#### What is needed
Please transcribe all of the entries exactly, leaving out any images.

#### Data records
──────────

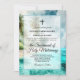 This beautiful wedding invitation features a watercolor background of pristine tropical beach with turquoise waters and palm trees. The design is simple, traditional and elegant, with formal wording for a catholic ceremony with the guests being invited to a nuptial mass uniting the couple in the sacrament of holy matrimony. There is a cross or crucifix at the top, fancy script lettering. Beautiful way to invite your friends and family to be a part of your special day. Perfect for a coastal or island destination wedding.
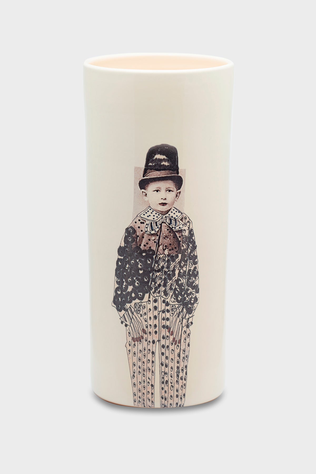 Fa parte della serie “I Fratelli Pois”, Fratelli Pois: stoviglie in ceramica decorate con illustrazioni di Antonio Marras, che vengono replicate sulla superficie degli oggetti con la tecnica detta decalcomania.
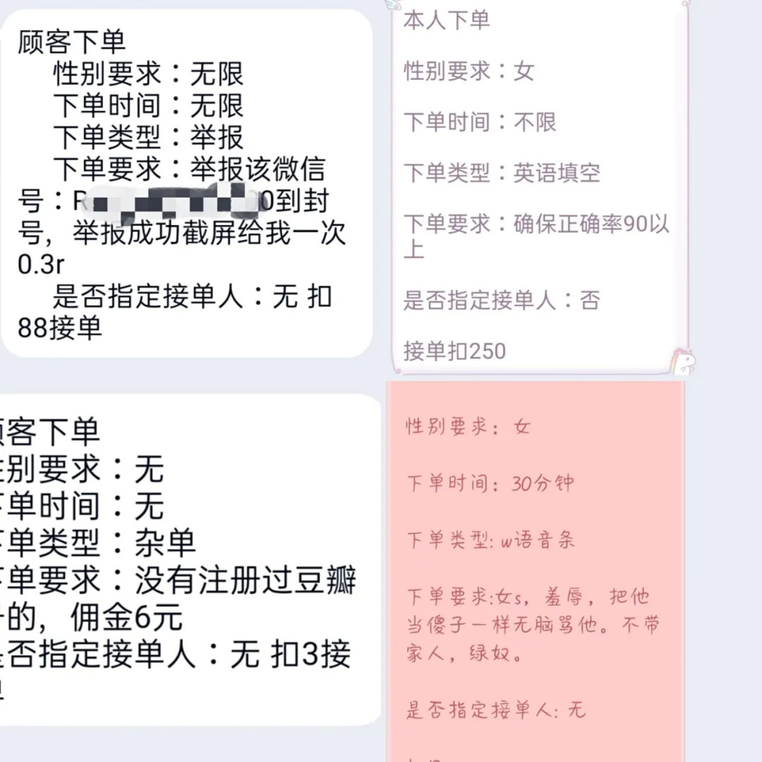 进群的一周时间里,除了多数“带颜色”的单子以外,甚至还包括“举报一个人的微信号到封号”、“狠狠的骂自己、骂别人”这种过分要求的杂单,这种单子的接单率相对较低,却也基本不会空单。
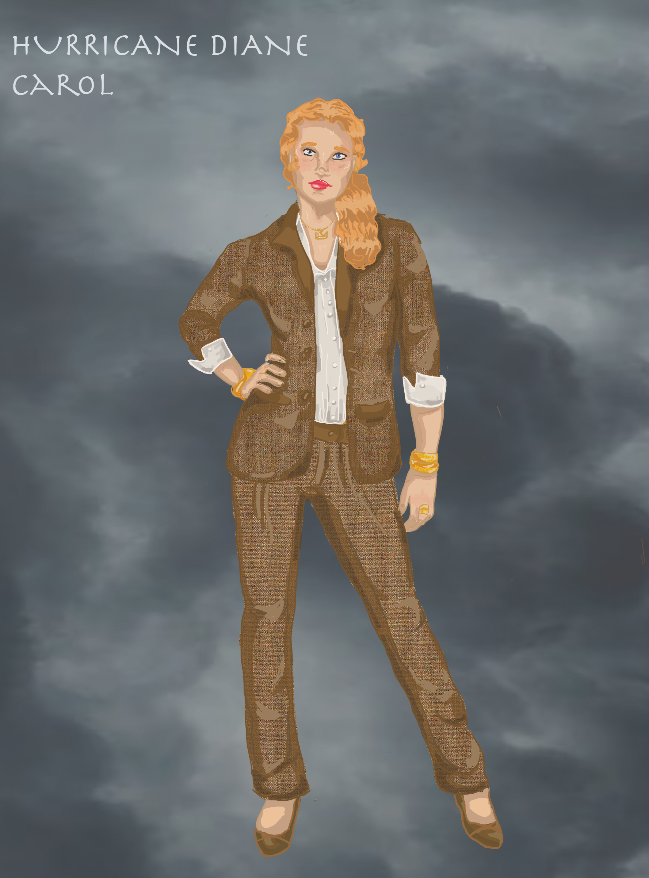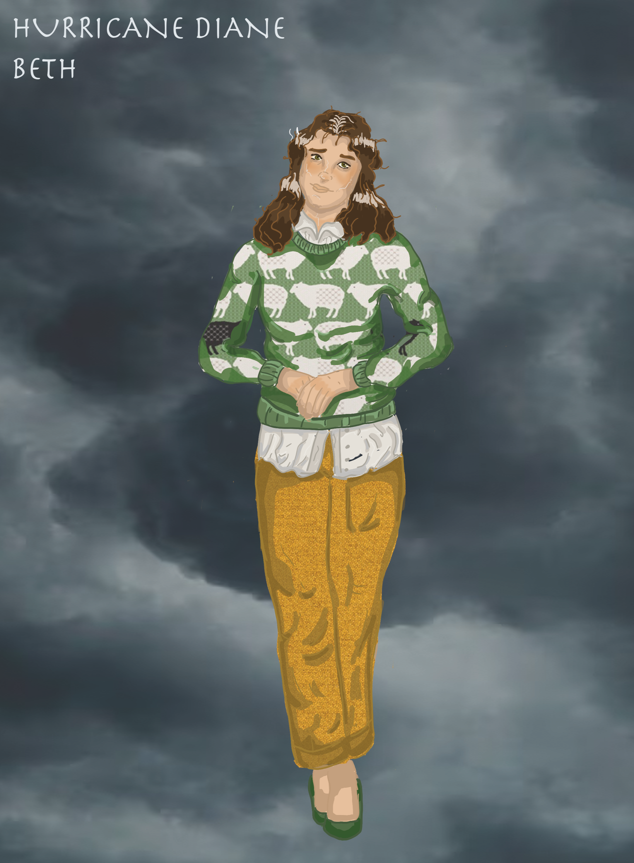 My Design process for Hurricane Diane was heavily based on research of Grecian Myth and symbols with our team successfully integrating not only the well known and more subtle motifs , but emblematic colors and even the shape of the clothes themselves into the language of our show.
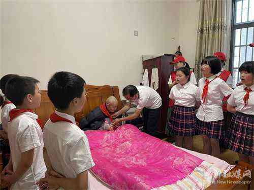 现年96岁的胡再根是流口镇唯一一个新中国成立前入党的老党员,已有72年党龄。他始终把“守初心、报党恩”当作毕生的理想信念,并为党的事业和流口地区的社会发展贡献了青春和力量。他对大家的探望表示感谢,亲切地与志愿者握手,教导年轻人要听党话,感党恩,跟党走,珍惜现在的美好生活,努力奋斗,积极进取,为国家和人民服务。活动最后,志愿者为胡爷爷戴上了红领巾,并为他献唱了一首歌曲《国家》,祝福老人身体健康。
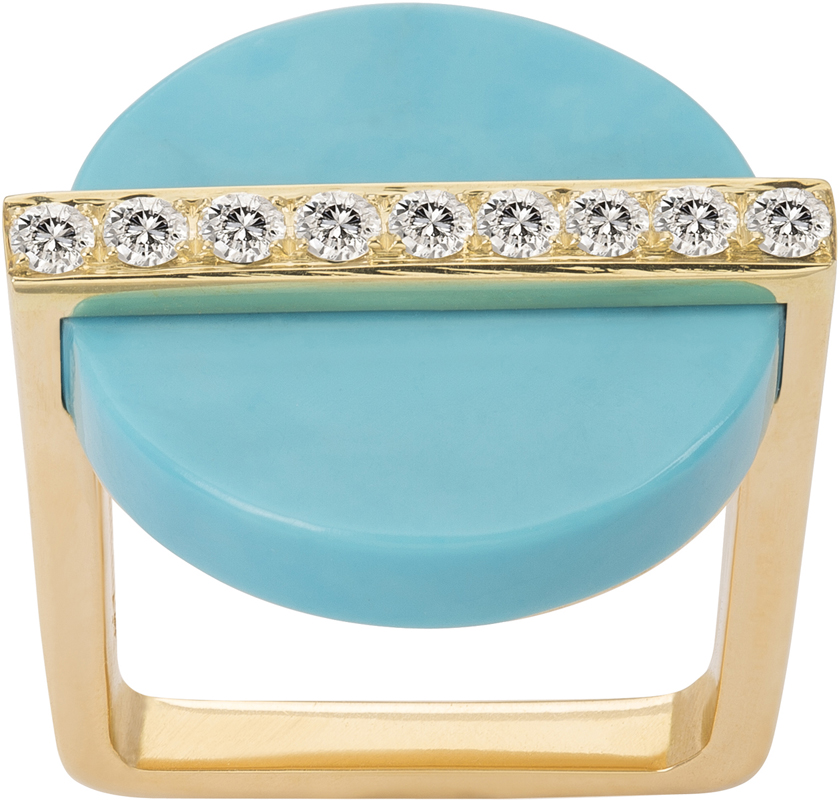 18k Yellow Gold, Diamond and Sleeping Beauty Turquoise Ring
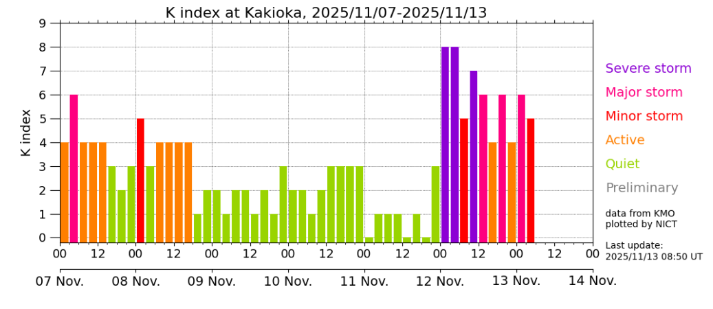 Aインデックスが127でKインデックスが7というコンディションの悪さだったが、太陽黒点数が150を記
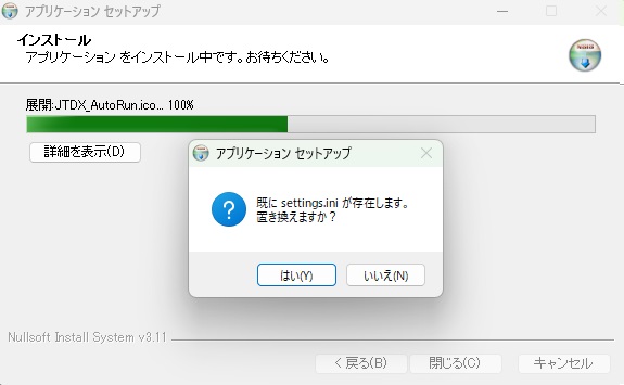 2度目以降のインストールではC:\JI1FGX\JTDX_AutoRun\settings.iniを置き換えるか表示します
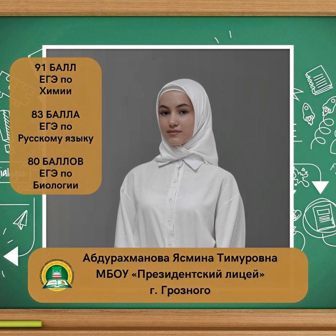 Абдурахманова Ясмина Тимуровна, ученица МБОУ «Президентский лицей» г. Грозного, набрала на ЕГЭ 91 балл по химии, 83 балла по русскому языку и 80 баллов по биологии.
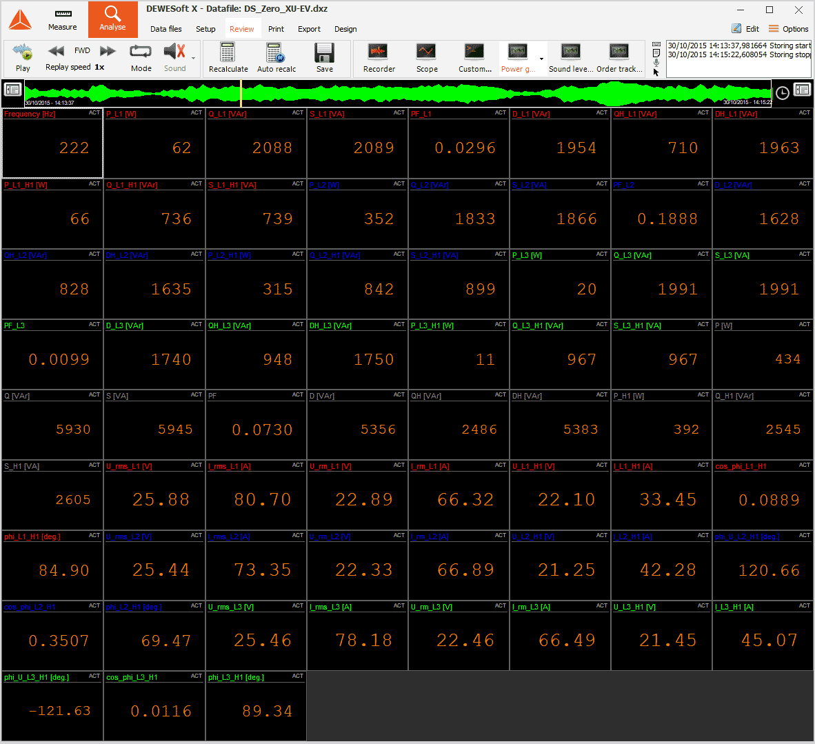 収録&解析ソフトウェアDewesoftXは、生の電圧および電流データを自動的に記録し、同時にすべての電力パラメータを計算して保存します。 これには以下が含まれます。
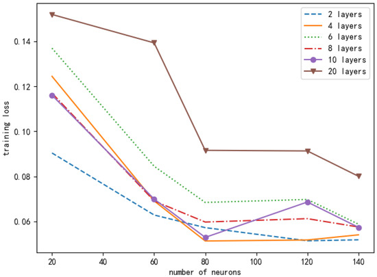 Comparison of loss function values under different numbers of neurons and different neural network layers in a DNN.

──────────

#### Solution to the problem
 This beautiful wedding invitation features a watercolor background of pristine tropical beach with turquoise waters and palm trees. The design is simple, traditional and elegant, with formal wording for a catholic ceremony with the guests being invited to a nuptial mass uniting the couple in the sacrament of holy matrimony. There is a cross or crucifix at the top, fancy script lettering. Beautiful way to invite your friends and family to be a part of your special day. Perfect for a coastal or island destination wedding.
 Fa parte della serie “I Fratelli Pois”, Fratelli Pois: stoviglie in ceramica decorate con illustrazioni di Antonio Marras, che vengono replicate sulla superficie degli oggetti con la tecnica detta decalcomania.
 进群的一周时间里,除了多数“带颜色”的单子以外,甚至还包括“举报一个人的微信号到封号”、“狠狠的骂自己、骂别人”这种过分要求的杂单,这种单子的接单率相对较低,却也基本不会空单。
 My Design process for Hurricane Diane was heavily based on research of Grecian Myth and symbols with our team successfully integrating not only the well known and more subtle motifs , but emblematic colors and even the shape of the clothes themselves into the language of our show.
 现年96岁的胡再根是流口镇唯一一个新中国成立前入党的老党员,已有72年党龄。他始终把“守初心、报党恩”当作毕生的理想信念,并为党的事业和流口地区的社会发展贡献了青春和力量。他对大家的探望表示感谢,亲切地与志愿者握手,教导年轻人要听党话,感党恩,跟党走,珍惜现在的美好生活,努力奋斗,积极进取,为国家和人民服务。活动最后,志愿者为胡爷爷戴上了红领巾,并为他献唱了一首歌曲《国家》,祝福老人身体健康。
 18k Yellow Gold, Diamond and Sleeping Beauty Turquoise Ring
 Aインデックスが127でKインデックスが7というコンディションの悪さだったが、太陽黒点数が150を記
 2度目以降のインストールではC:\JI1FGX\JTDX_AutoRun\settings.iniを置き換えるか表示します
 Абдурахманова Ясмина Тимуровна, ученица МБОУ «Президентский лицей» г. Грозного, набрала на ЕГЭ 91 балл по химии, 83 балла по русскому языку и 80 баллов по биологии.
 収録&解析ソフトウェアDewesoftXは、生の電圧および電流データを自動的に記録し、同時にすべての電力パラメータを計算して保存します。 これには以下が含まれます。
 Comparison of loss function values under different numbers of neurons and different neural network layers in a DNN.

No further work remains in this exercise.